My name is Bernie Elliot, national BQ Coordinator.
Thank you for being part of this great discipleship ministry we call Bible quizzing. I am excited to share a thought from the Word of God with you. James was the first book I memorized many years ago in the King James version. One thing I’ve learned over the years it not how much Scripture you have studied, or even memorized, or even ‘quizzed out” on, that really counts-it’s being a doer of the Word, not a hearer only. All Scripture should make us more Christ like. So with that said, I want to focus on one verse today.
James 2:8 “If you really keep the royal law found in Scripture, “Love your neighbor as yourself,” you are doing right.” The phrase “Love your neighbor as yourself” is found way back in the Levitical law, part of the originally Torah. The first 13 verses of James Chapter 2 deals with the fact that “Favoritism is Forbidden”.
It gives examples of rich vs poor, and an assumption that some were treating one sin different than another. The man that is a street criminal is not to be treated any different than the man in a $300.00 suit who is a white collar criminal. All forms of favoritism are to be forbidden and if we do not obey the Scriptures, we are not loving our neighbor as ourselves. Other examples would be treating the person tomorrow in church who has a Bentley car (BTW I know a person who drives a Bentley-A new one today costs about $370,000) different then one driving a old clunker that barely has 4 tires on it. (In Syracuse we use to call them winter rats) Another example might be treating the person with a PHD different than the high school dropout or treating a millionaire different than a person on welfare. I think you get the picture. Enough of the negatives-let me read something that will inspire you. (Story of Granny Brand below)
Here is what I want you to do in the next 30 days. I want all of you – quizzers, coaches and officials – to live this scripture out and by the Holy Spirit’s guidance, minister in whatever way, at least 1 time to at least 1 person. It’s up to you and the Lord how you will, Love your neighbor as yourself.
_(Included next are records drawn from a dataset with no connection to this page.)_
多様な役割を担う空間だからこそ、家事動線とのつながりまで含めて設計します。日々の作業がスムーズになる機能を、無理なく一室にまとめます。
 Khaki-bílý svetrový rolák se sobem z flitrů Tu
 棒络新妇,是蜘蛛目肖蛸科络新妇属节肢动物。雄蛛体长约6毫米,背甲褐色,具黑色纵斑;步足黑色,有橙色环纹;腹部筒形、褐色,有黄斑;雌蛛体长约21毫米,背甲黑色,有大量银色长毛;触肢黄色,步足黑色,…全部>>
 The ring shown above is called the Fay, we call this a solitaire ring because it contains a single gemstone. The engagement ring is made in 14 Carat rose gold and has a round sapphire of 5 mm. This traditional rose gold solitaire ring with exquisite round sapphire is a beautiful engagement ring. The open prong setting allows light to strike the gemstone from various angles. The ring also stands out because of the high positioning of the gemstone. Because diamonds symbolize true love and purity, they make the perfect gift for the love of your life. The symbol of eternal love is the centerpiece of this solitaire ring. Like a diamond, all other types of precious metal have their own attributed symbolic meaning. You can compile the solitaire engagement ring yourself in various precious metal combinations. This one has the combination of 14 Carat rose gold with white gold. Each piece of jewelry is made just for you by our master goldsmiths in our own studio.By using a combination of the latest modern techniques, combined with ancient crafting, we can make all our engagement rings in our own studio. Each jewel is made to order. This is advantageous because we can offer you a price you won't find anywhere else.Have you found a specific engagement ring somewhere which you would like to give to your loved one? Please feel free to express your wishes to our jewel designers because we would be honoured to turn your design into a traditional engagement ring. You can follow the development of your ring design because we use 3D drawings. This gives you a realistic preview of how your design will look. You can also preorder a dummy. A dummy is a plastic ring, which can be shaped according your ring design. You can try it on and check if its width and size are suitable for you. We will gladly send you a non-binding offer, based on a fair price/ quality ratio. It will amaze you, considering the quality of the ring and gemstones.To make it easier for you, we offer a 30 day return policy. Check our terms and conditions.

I believe if you look around the world, you can plainly see the need for Christ’s love. Again, the main purpose of the BQ ministry is to make you more Christ like. If we are not showing the world Christ’s love, who is? The more Scripture you study and memorize should make you more loving. Let’s be a doer of the Word and not a hearer only. There is an old song that goes “they will know we are Christians by our Love.”
Andy Stanley posted recently on Twitter: Imagine a world where people were skeptical of what we believed,
But envious of how we treated one another.” John 13:35 By this everyone will know that you are my disciples, if you love one another.”
Evelyn “Granny” Brand
Evelyn Brand felt called by God to go to India as a missionary. For a single woman in 1909 that took a truck load of Faith.
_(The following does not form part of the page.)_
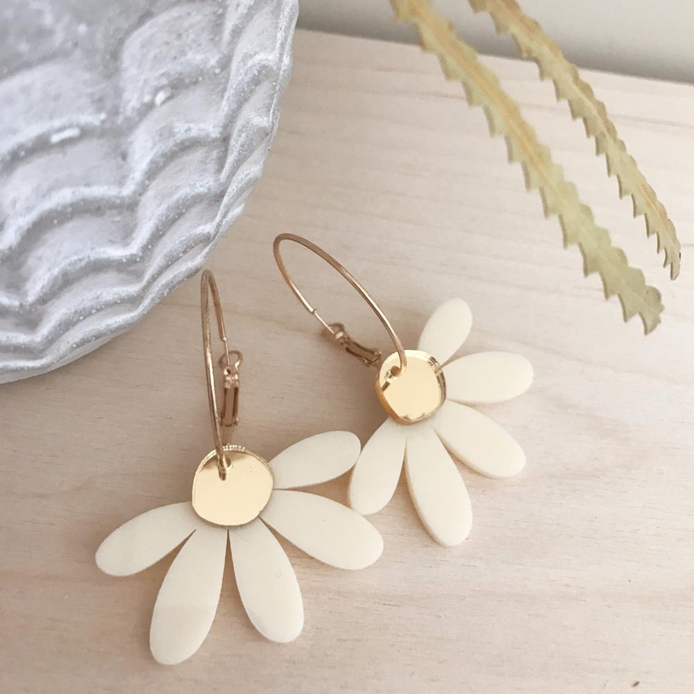 Jumbo Daisy Hoop Earring - Cream and Gold

Evie was 30 when she spent a few weeks in Australia, helping a sister. Sailing home, she sensed a divine calling to be a missionary. Yet how was she to break the news to father? The arrival of a young missionary from India helped. Evie found Jesse Brand too intense for her taste. But at a missionary meeting, he seemed to look directly at her as he described the filth and squalor on the mission field. She heard an unspoken question in his words: could she, a fashionable girl, handle such things? Resolve rose within her. Yes, with God’s help she could!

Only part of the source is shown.